Alright, so this is when you've got a bunch of monuments but they are all garbage and you really don't want to hold anything but are under contract to do a survey. So you can keep a record configuration and approximate an estimated position on the ground.

 
Posted : February 26, 2017 10:55 am
(@kent-mcmillan)
Posts: 11419
 

thebionicman, post: 415955, member: 8136 wrote: So you restored the lines without looking for any physical evidence on the ground, then set monuments without checking at your calculated points?

No, the reconstruction generated search coordinates, but there was no remaining physical evidence. In some cases, it was obvious that the river had washed the corners out and no search was necessary. The bearing trees from the original survey in 1887 were mostly cottonwoods which had grown along the banks of the Rio Grande before the Elephant Butte Dam in New Mexico completely changed the flow regime in the river. There were no traces of most of those bearing trees reported even back in 1910, probably partly because they were either used to make low dams in the river to divert water into irrigation channels or were cut for timber.
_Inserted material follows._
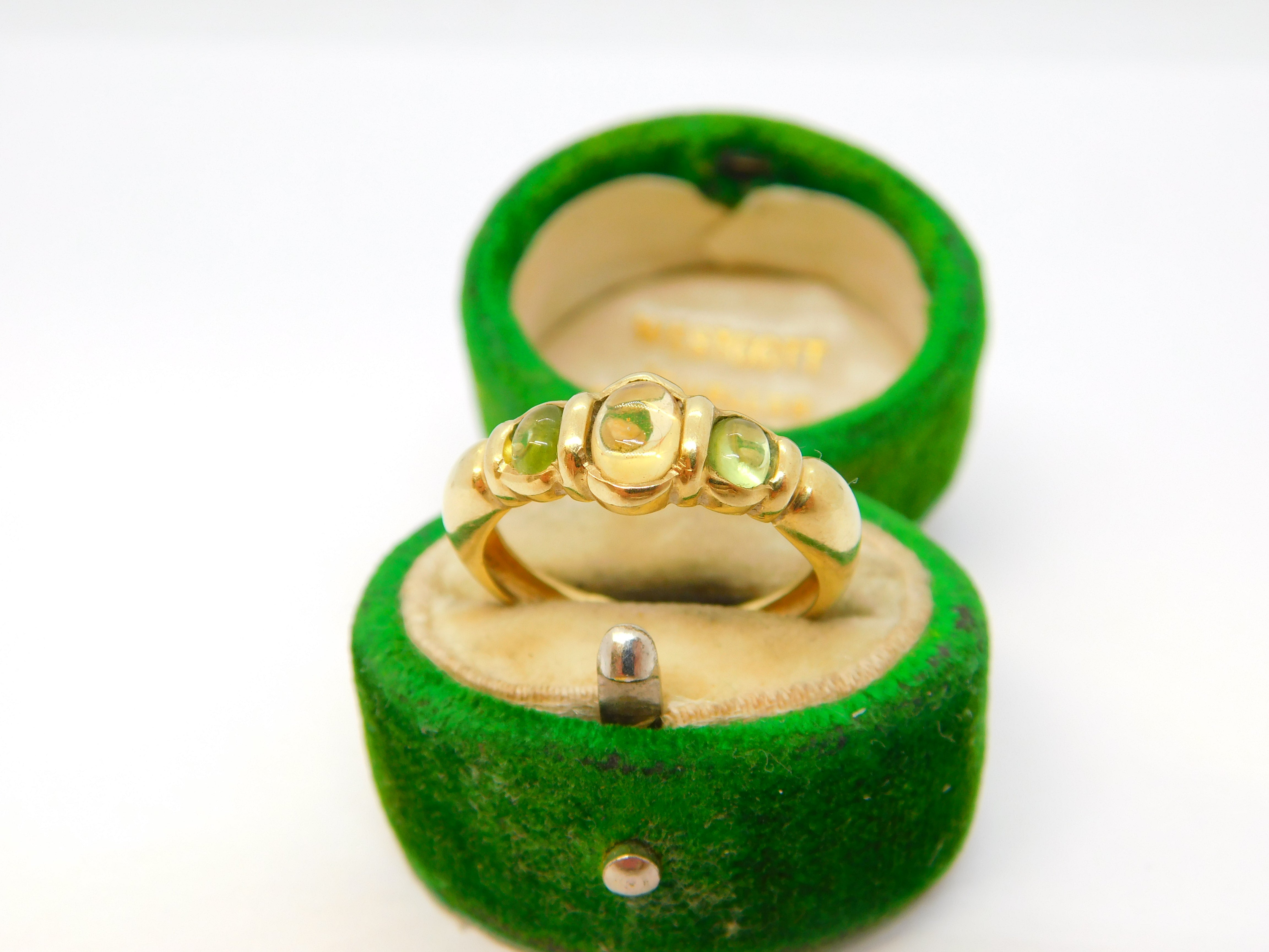 Details: A fantastic and wonderfully designed vintage 9ct yellow gold dress ring set with cabochon cut peridot and citrine stones hallmarked London 1997 to the interior, lovely colour to the stones. This is a wonderful item that would make a perfect gift or addition to any collection. The BOX pictured is for PRESENTATION ONLY and is NOT included in the listings but used to frame the pictures unless specifically stated otherwise.

Since then, the fringes of the river that in the late 19th century had been farmed as low irrigated fields without regard to the boundaries of the original suveys had grown up in tamarix. In the 1950s a fairly good surveyor had attempted to locate the original suvey lines and had failed not only to find any original mark, but had failed spectacularly to even get close to the pattern of the original surveys. What is there is a great bulldozed floodplain that is now grown up in tamarix. It is a situation where the obliteration has been so complete that the best evidence is the records of the original surveys and an extremely sparse record of recoveries made more than 100 years ago. Star*Net was a very good solution for recontructing what had become phantoms.

 
Posted : February 26, 2017 3:18 pm
(@kent-mcmillan)
Posts: 11419
 

Another case where Star*Net is a truly brilliant solution is in downtown districts where the obliteration of evidence of the surveys made in the streets by the City Engineer has been nearly complete. In Austin, the City Engineer's work with transit and tape was excellent during the period from about 1913 through 1950 or so. There are, as a result very good records of networks that were surveyed across some districts that tied centerline monuments together that have since disappeared. If one can find and position a sufficient number of marks that remain, the adjustment of the transit and tape network via Star*Net is probably the best reconstruction possible.